It can be understood that the corrected rotation pose is the second rotation correction pose, and the second rotation correction pose is smoothed, and the specific content can refer to step S607, which is not described herein.

S708: and carrying out smoothing treatment on the corrected horizontal displacement gesture.

It can be appreciated that the specific content can refer to step S404, step S506 and step S608, and will not be described herein.

S709: and performing image deformation processing.

It can be appreciated that the specific details refer to step S404, step S507 and step S609, and will not be described herein.

S710: an image frame is output.

Specifically, the image frame after the image distortion processing is output.

The embodiment of the application also provides a video anti-shake method, please refer to fig. 8, fig. 8 is a flow chart of another video anti-shake method provided by the embodiment of the application, the method includes but is not limited to the following steps:

s801: data is acquired.

It is understood that the terminal may acquire data through the first sensor and the second sensor, the data including the first sensor data and the second sensor data; the first sensor data and the second sensor data are used for pose estimation; the pose is used for representing the conversion relation between the world coordinate system and the camera coordinate system; the first sensor data includes event camera data; the second sensor data includes an image sequence, IMU data, and depth data.

It is understood that the first sensor includes, but is not limited to, an event camera, and the second sensor includes, but is not limited to, a camera head, an IMU, and a depth sensor; the event camera data includes an event stream representing a change in brightness of an image pixel; the image sequence comprises a series of image frames; the IMU data may include a rotation angle of an x-axis, a rotation angle of a y-axis, and a rotation angle of a z-axis; the depth data may comprise depth information, which in one embodiment of the application comprises a depth map.

S802: a second rotational position is determined.

It can be appreciated that the specific content can refer to step S602, and will not be described herein.

S803: a third rotational pose is determined.

It can be appreciated that the specific content can refer to step S702, and will not be described herein.

S804: a first translational and rotational pose is determined.

It can be understood that the specific content refers to step S502, step S603 and step S703, which are not described herein.

S805: a second translational pose is determined.

Specifically, the feature point extraction and matching are performed on the corresponding image frames in the image sequence, so as to determine the second translational pose, and the details of the step S403, the step S503, the step S604, and the step S704 may be referred to, which are not described herein.

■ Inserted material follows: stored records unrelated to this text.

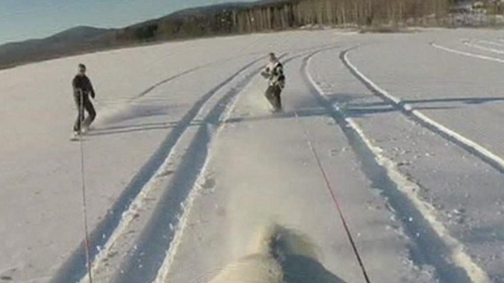 Snowboarding can be slow work without steep hills to race down, but some thrill-seekers in Russia have found a way around the problem - use a horse!
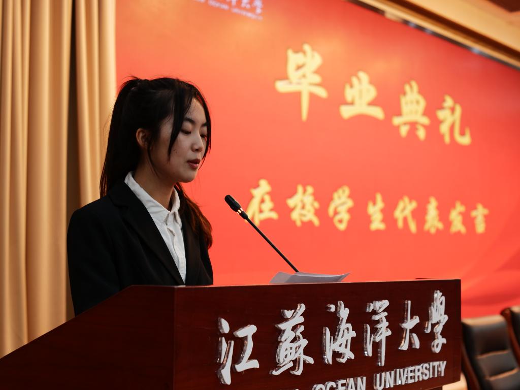 员工代表吴雨晨、陈祥顺以及董欣雨三位同学分别进行发言。吴雨晨代表全体研究生毕业生感谢母校的辛勤培育,表示将时刻铭记校训,为社会贡献自己的青春力量。陈祥顺代表全体本科毕业生感谢老师们的谆谆教诲,并表示无论走到哪里都是江海大人,都会和江海大永远在一起。董欣雨代表全体在校员工,向即将离开母校、奔赴人生远大目标的毕业学长学姐们表达最衷心的问候与祝福。
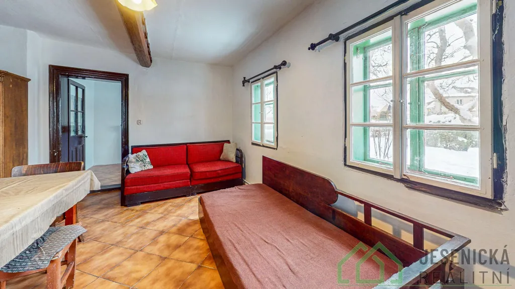 Interiér je pečlivě udržovaný a zachovaný v původním stylu. Každý kout domu vypráví svůj příběh, od kastlových oken s originálním sklem až po krbová kamna, u kterých si lze představit dlouhé zimní večery s knihou a praskajícím ohněm. Dispozice 3+kk nabízí příjemné a funkční bydlení hlavní obytný prostor s kuchyňským koutem a jídelnou, ložnici, menší pokoj pro odpočinek, koupelnu s WC a praktickou technickou místnost. Chodba propojuje vstup do domu se zahradou a zároveň ukrývá vstup do malé dílny.

S806: and correcting the second rotation position and the third rotation position.

Specifically, according to the first rotation position and the second rotation position, correcting the second rotation position and the third rotation position to obtain a first rotation correction position and a second rotation correction position respectively; and according to the first rotation correcting pose and the second rotation correcting pose, obtaining a third rotation correcting pose. It can be appreciated that the specific content refers to step S605 and step S705, and will not be described herein.

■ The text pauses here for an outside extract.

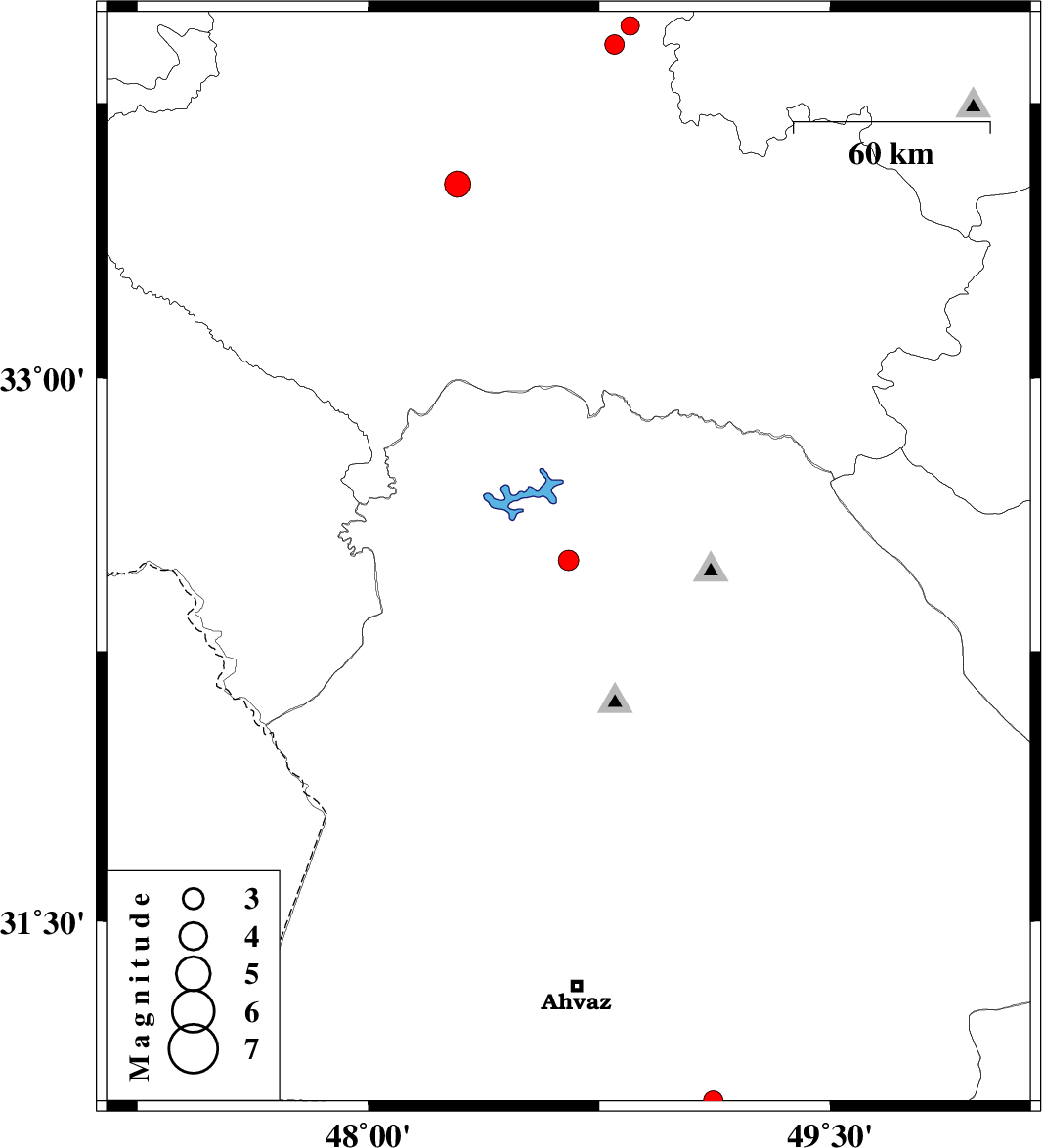 | 2012/12/18 | 13:51:54.0 | 17:21:54.0 | 33.53 | 48.29 | 14 | ML:3.8 | Lorestan Province, 9 km Khorramabad |

In one embodiment of the present application, the outer product of the first rotation vector and the second rotation vector may be determined to obtain a first error vector, and the outer product of the first rotation vector and the third rotation vector may be determined to obtain a second error vector, which may be obtained by using the proportional gain K as described in step S605 _P And integral gain K _I Multiplied by |V ₃ I to effect compensation of the second rotation vector, e.g. calculate K _P ·|V ₃ |+K _I ·∫|V ₃ The value of i and taking it as the compensation value, similarly, the third rotation vector is denoted V ₄ The proportional gain K can be utilized _P And integral gain K _I Multiplied by |V ₄ I to effect compensation of the third rotation vector, e.g. calculate K _P ·|V ₄ |+K _I ·∫|V ₄ The value of i and take it as the compensation value. It will be appreciated that the resulting first rotational corrected pose may include the compensation value (K _P ·|V ₃ |+K _I ·∫|V ₃ I) and a second rotation vector, the second rotation-corrected pose may include the above-described compensation value (K) _P ·|V ₄ |+K _I ·∫|V ₄ I) and the third rotation vector. In addition, according to the first rotation correction pose and the second rotation correction pose, a third rotation correction pose is obtained, the third rotation correction pose may include a combination relationship of the two compensation values, the second rotation vector and/or the third rotation vector, for example, the two compensation values may be added, and then, angular velocities about x, y and z axes represented by the second rotation vector are corrected, or angular velocities about x, y and z axes represented by the third rotation vector are corrected, so as to obtain a third rotation correction vector, and it is understood that the third rotation correction pose includes the third rotation correction vector.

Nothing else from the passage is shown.